### Records for the exercise
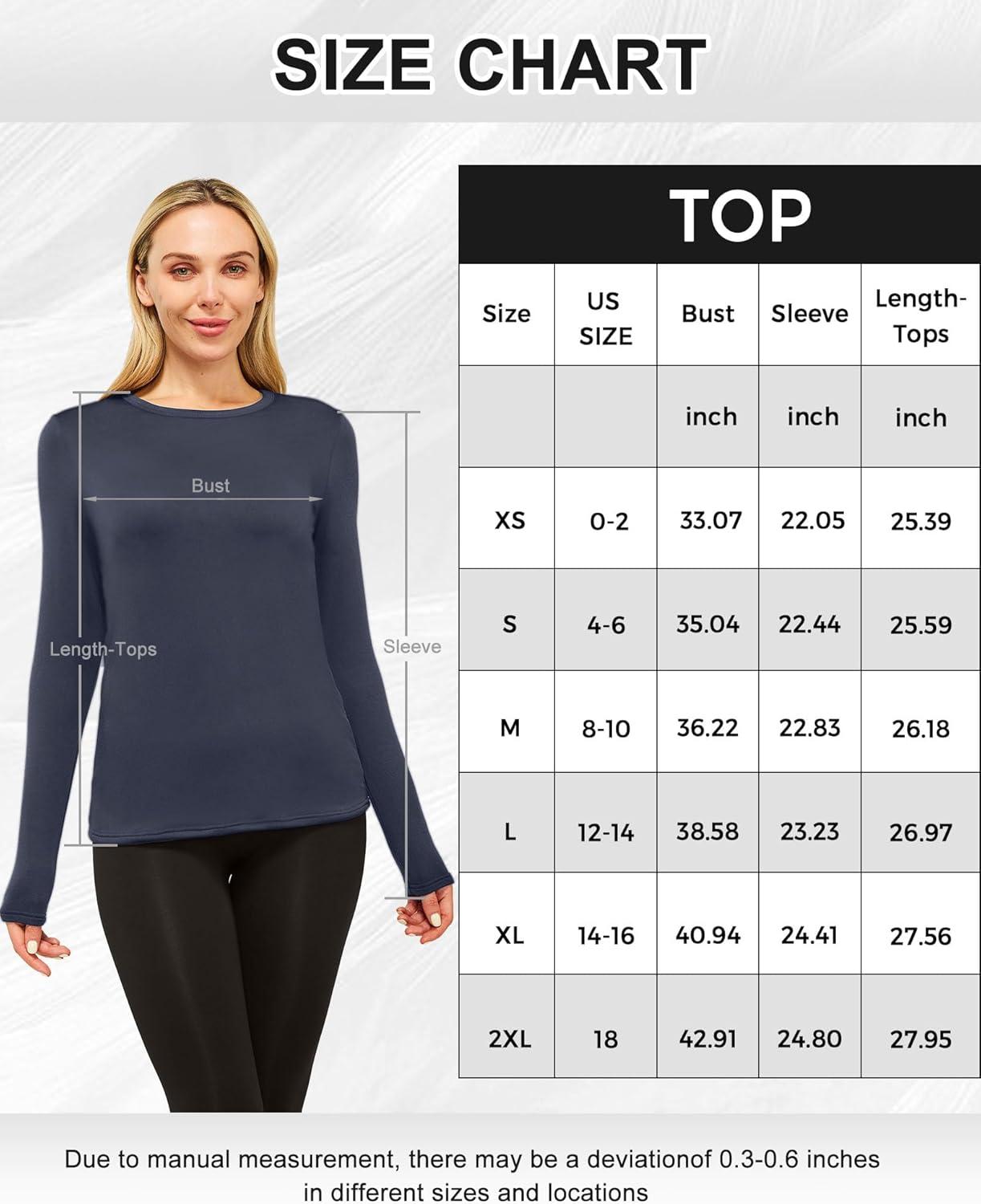 CL convallaria 1 2 4 Pack Women’s Thermal Underwear Tops, Women Fleece Lined Long Sleeve Baselayer Shirt for Winter(Black & Charcoal)
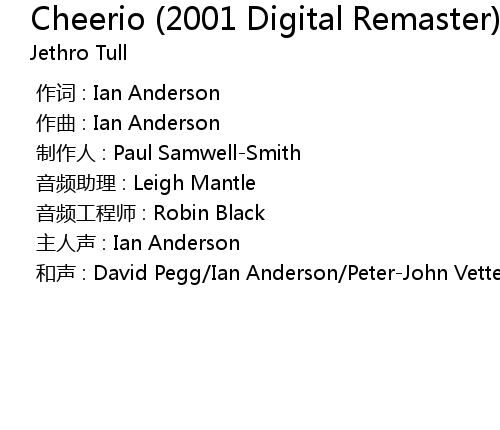 | [00:00.000] | hé shēng : David Pegg Ian Anderson PeterJohn Vettese |
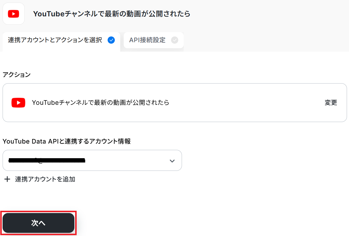 タイトル と連携するアカウント情報 を任意で設定し、アクションはテンプレート通りに「YouTubeチャンネルで最新の動画が公開されたら」のまま「次へ」をクリックします。
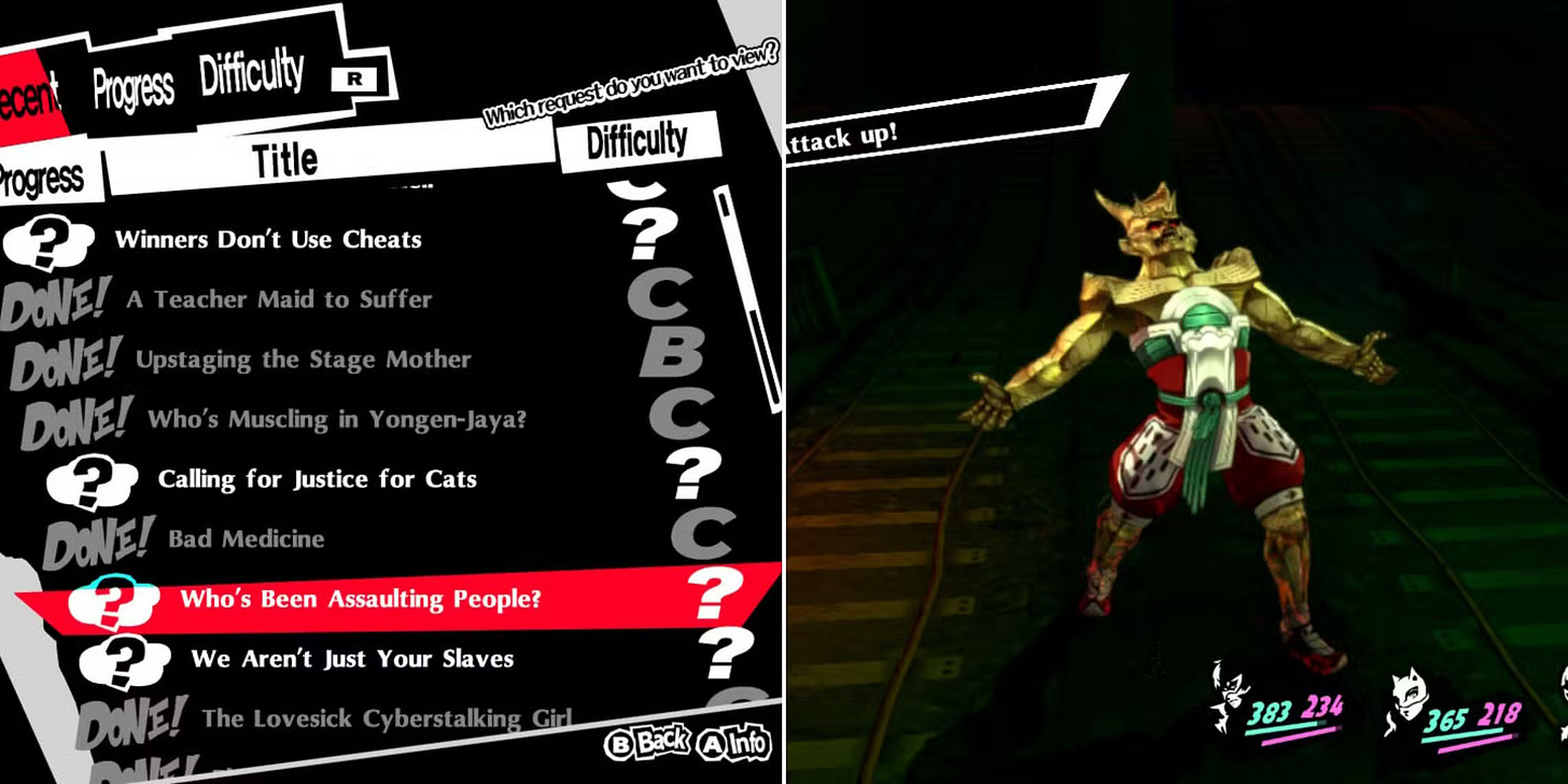 yal, Requests are side quests that allow Joker to hunt down individuals with twisted desires in the depths of Mementos. These missions not only provide the opportunity to defeat challenging mini-bosses but also reward you with useful items and experience points. One of the intriguing Requests is Who’s Been Assaulting People, which will have you chasing down an assailant lurking in Mementos.
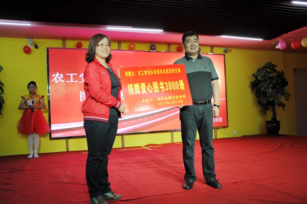 2015年6月13日上午,农工党包头昆区四支部的20多位党员来到固阳县,将3000册图书捐给了固阳县蒙古族小学的孩子们。
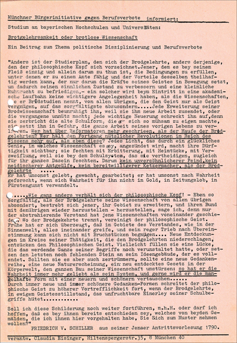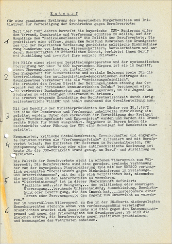 16 »Berufsverbote«, Nachlaß Zingerl, Archiv der Münchner Arbeiterbewegung
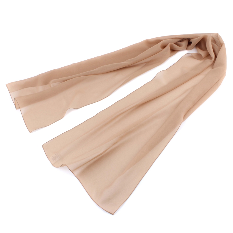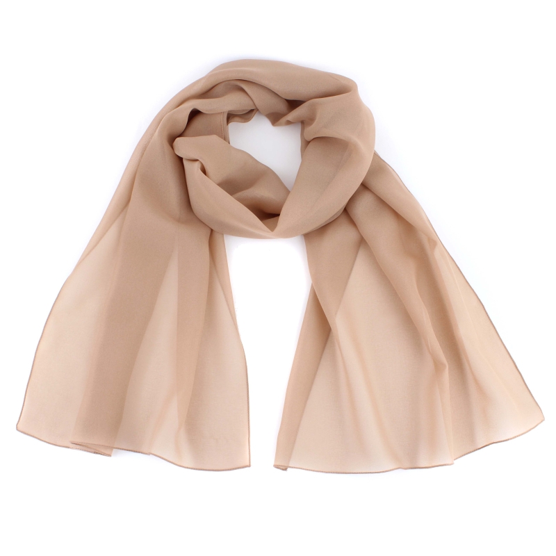 Малък прозиращ дамски шал тип фишу в цвят камила. Стилен и семпъл модел подходящ за ежедневни и официални тоалети.
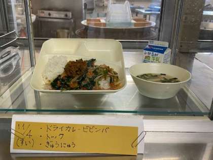ドライカレービビンバ、トック、牛乳
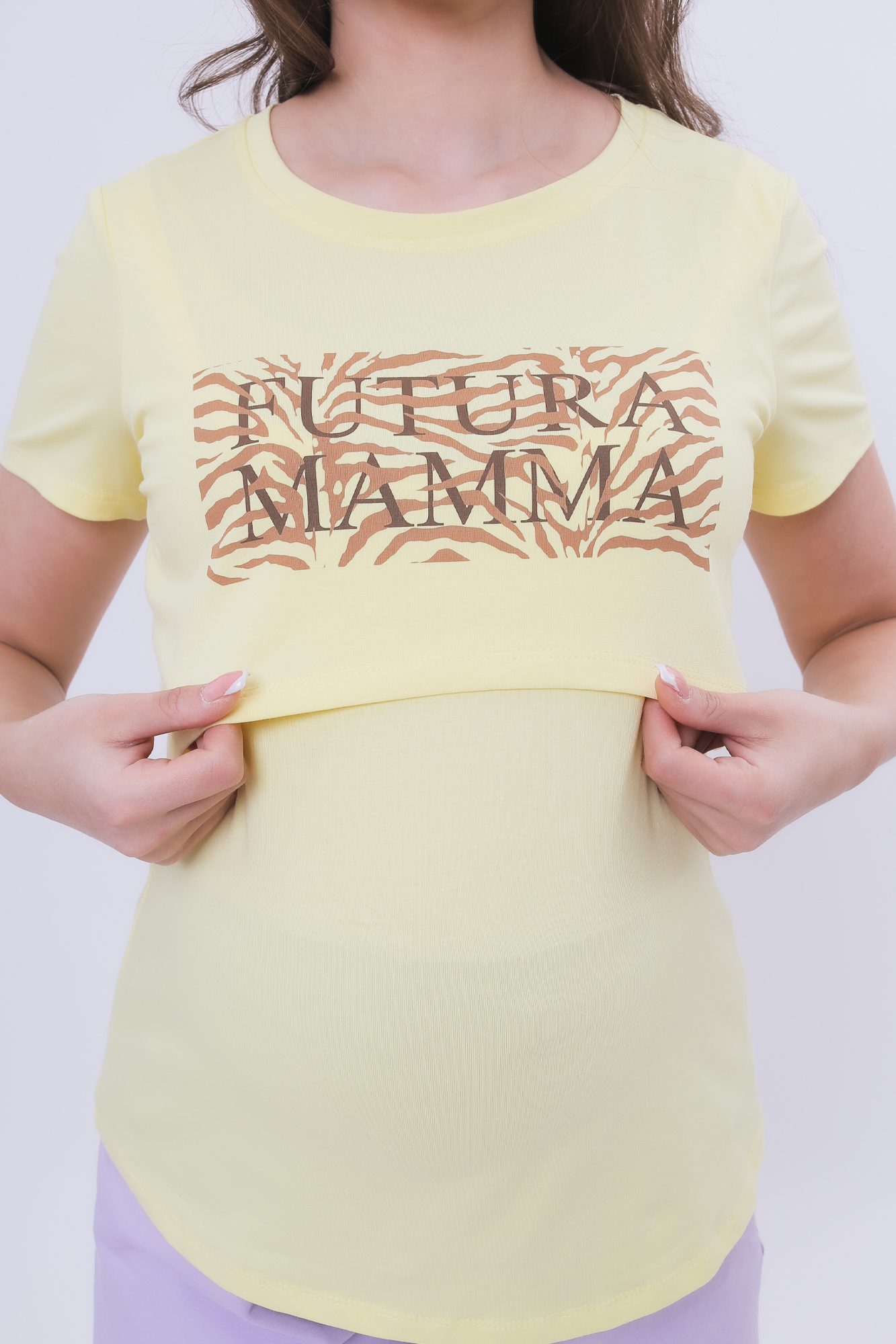 Приталенная футболка из хлопка для беременных и кормящих. Благодаря сборкам по бокам, можно носить футболку на любом сроке беременности и после нее. Изящный принт не смывается при стирке. Секрет кормления позволяет комфортно покормить малыша в любой ситуации.

### Your assignment
Starting with the line that has "2015年6月13日上午,农" and going on through the line that has "ドライカレービビンバ、トック、牛乳", transcribe the records above exactly, but skip the pictures.

### Written response
 2015年6月13日上午,农工党包头昆区四支部的20多位党员来到固阳县,将3000册图书捐给了固阳县蒙古族小学的孩子们。
 16 »Berufsverbote«, Nachlaß Zingerl, Archiv der Münchner Arbeiterbewegung
 Малък прозиращ дамски шал тип фишу в цвят камила. Стилен и семпъл модел подходящ за ежедневни и официални тоалети.
ドライカレービビンバ、トック、牛乳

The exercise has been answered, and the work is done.